History

United Kingdom
- Name: Glory
- Port of registry: Quebec (1811–1812); London (1812–1824);
- Builder: William Henry Dockyard, William Henry
- Launched: 19 November 1811
- Fate: Last listed 1824

General characteristics
- Tons burthen: 399, or 405 (bm)
- Armament: 8 × 18-pounder guns "of the new construction"

= Glory (1811 ship) =

UK merchant ship (1811–1824)

Glory was launched in Quebec in 1811. She sailed to London in 1812, and was registered there. In 1817, she made a voyage to Bengal, sailing under a licence from the British East India Company (EIC). A voyage transporting convicts to New South Wales followed. She then returned to general trading and was last listed in 1824.

==Career==
A letter dated 5 May 1812, reported to the Registry in Quebec that Glory had changed her registry to London.

Glory first appeared in Lloyd's Register (LR), in 1812. Captain Pounder sailed for Fort William, India in February 1817.

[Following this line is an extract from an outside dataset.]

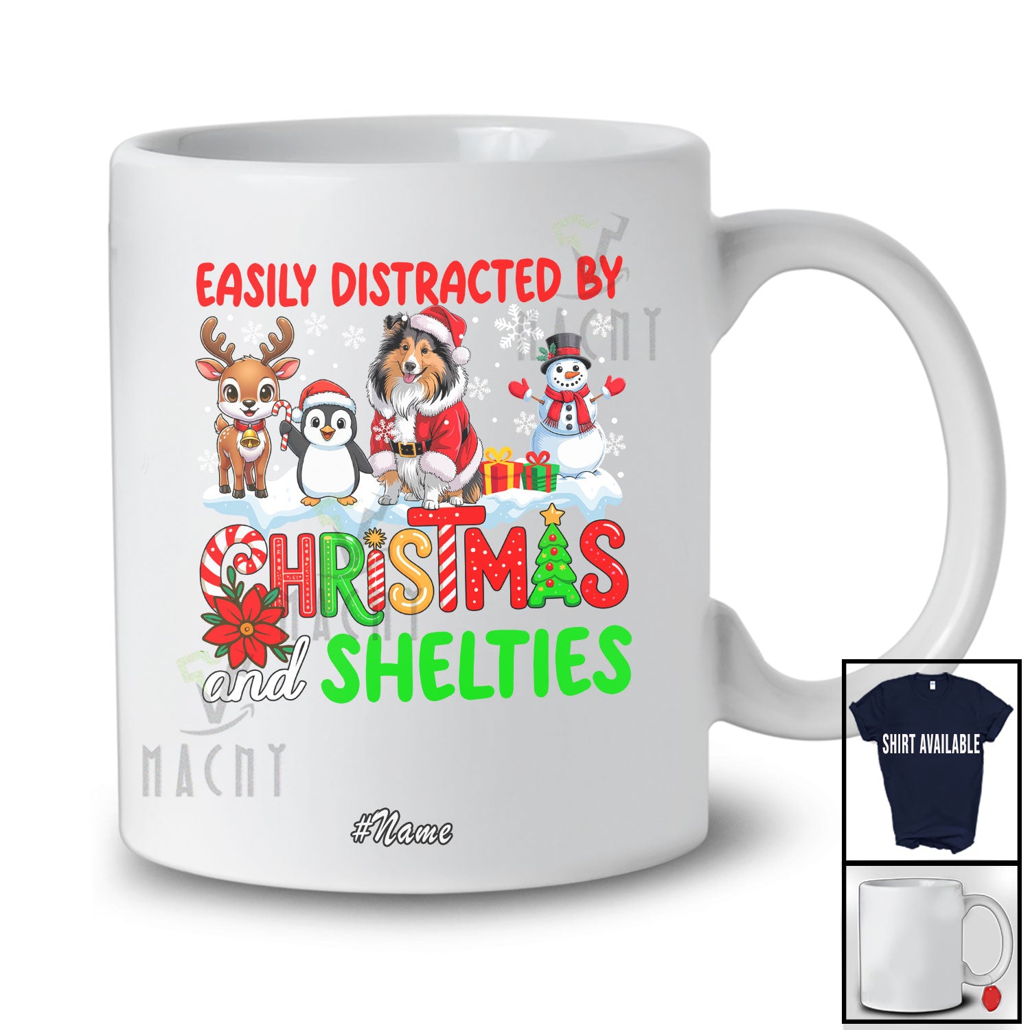 This Personalized Custom Name Distracted By Christmas Shelties; Lovely Snowman Penguin Reindeer T-Shirt is great idea gift for your family, friends in this birthday, christmas, mother's day, father's day, patrick's day or any holiday.

| Year | Master | Owner | Trade | Source |
|---|---|---|---|---|
| 1812 | Bell R.Evans | Bell & Co. | London | LR |
| 1813 | R.Evans Henry | Bell & Co. J. Woodcock & Co. | London–Archangel London transport | LR |
| 1816 | Henry T.Sansom | J. Woodcock & Co. | London transport London–Quebec | LR |
| 1818 | E.Pounder | J. Woodcock & Co. | London–Calcutta London–Botany Bay | LR |

In 1813, the British East India Company (EIC), had lost its monopoly on the trade between India and Britain. British ships were then free to sail to India or the Indian Ocean under a licence from the EIC. Glory, Pounder, master, sailed for Fort William, India in February 1817. She arrived back at Deal from Bengal on 12 January 1818.

Captain Edward Pounder sailed from Sheerness on 18 May 1818, bound for Port Jackson. Glory arrived on 14 September. She had embarked 170 male convicts and she had suffered no convict deaths on her voyage. A lieutenant and 28 men from the 87th Regiment of Foot provided the guard; one soldier died on the voyage of illness. There was also a handful of free settler passengers.

From Port Jackson Glory sailed to Bengal, where she arrived on 1 February 1819. On 10 August, she was off the Cape Verde Islands, on her way to London. On 29 August, she was at . On 24 September, she arrived at Cork, and on 9 October, at Gravesend.

| Year | Master | Owner | Trade | Source |
|---|---|---|---|---|
| 1820 | E.Pounder | Parker | Cork | LR |
| 1822 | E.Pounder | Parker&Co. | London–Honduras | LR |
| 1823 | E.Pounder | Parker&Co. | London–America | LR |

==Fate==
Glory was last listed in Lloyd's Register in 1824.